The truth:  The Blue Fugates were a family from Eastern Kentucky, notably recognized for their blue skin, a genetic condition passed down over generations.  The peculiar story of the Fugate family begins with a French orphan named Martin Fugate. In 1820, Fugate claimed a land grant in Eastern Kentucky on the banks of Troublesome Creek.  He, and four of his seven children, were blue.  They married and had children, and the number of blue people in eastern Kentucky grew.

The blue-skinned Kentuckians existed for 200 years, until modern science discovered the genetic reason.  The Book Woman of Troublesome Creek is historical fiction.  The story, the characters are fiction, but the contextual facts are true.
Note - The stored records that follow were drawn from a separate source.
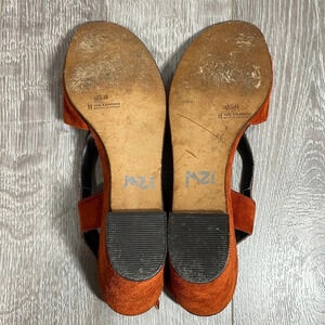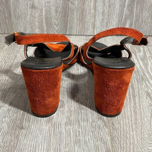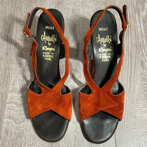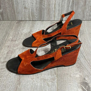 Vintage Amalfi by Rangoni Suede Leather Wedge Open Toe Sling Back Sandals in size 8.5 N. Excellent preowned vintage condition, last photo shows darker area on side strap of each shoe. Gold tone buckle, gorgeous rust orange color, made in Italy. Please see photos for approximate measurements and details. Item may show a difference in color based upon photography and perception. Photos are part of the description, as everyone’s level of condition may vary. From smoke free and pet free home. All packages are shipped the same or next business day.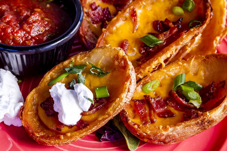 What's not to love about the classic combination of cheddar cheese and bacon melted onto a crisp russet potato skin and topped with sour cream and chives? You can jazz it up with brie and prosciutto or chorizo, leave off the bacon, add extra chives, dip it in ranch or whatever else tickles your fancy.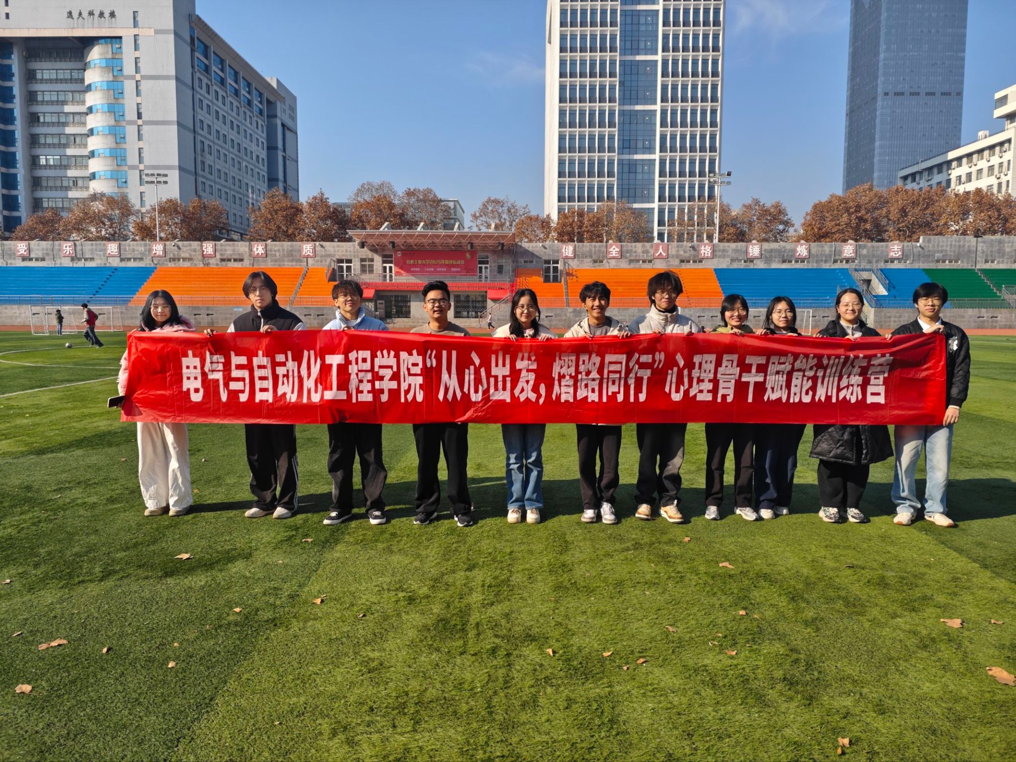 为提升心理骨干团队协作与心理支持能力,凝聚学院朋辈心理支持队伍合力。12月6日上午,电气与自动化工程学院在屯溪路校区西操场组织开展心理骨干素质拓展活动,学院12名高年级心理委员积极参与。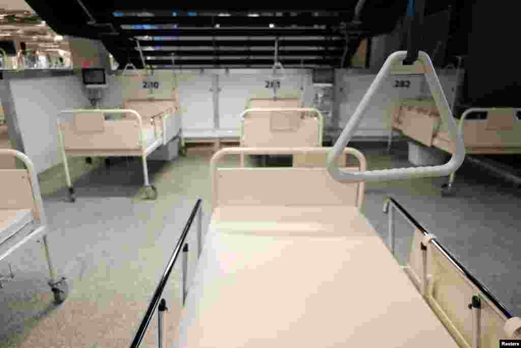 Медичні спеціалісти перевозять пацієнта в Національний стадіон, де відкрили спеціальну польову лікарню для людей, інфікованих коронавірусною хворобою

And what a delightful story this is!  Not only did I fall in love with our main character, Cussy Mary (aka "Bluet"), but the writing thrilled me.  Cussy Marie is 19 years old for much of our story, which takes place in 1936.  She is a "book woman."  She rides her mule Junia into the hills five days a week, delivering books, magazines, and other reading materials to extremely poor and very remote homesteads. She is also "colored" by the definition of that time, and experiences all the disrespect and brutality of those times.  She lives alone with her father, who is dying from the grim, sad, and ubiquitous employment in Kentucky, coal mining.

I had many examples of the writing that tickled my inner logophile. Here is a short one.   "Junia raised her upper lip and nibbled the breeze with tall, talking teeth."  (End of chapter six).  I love the visual!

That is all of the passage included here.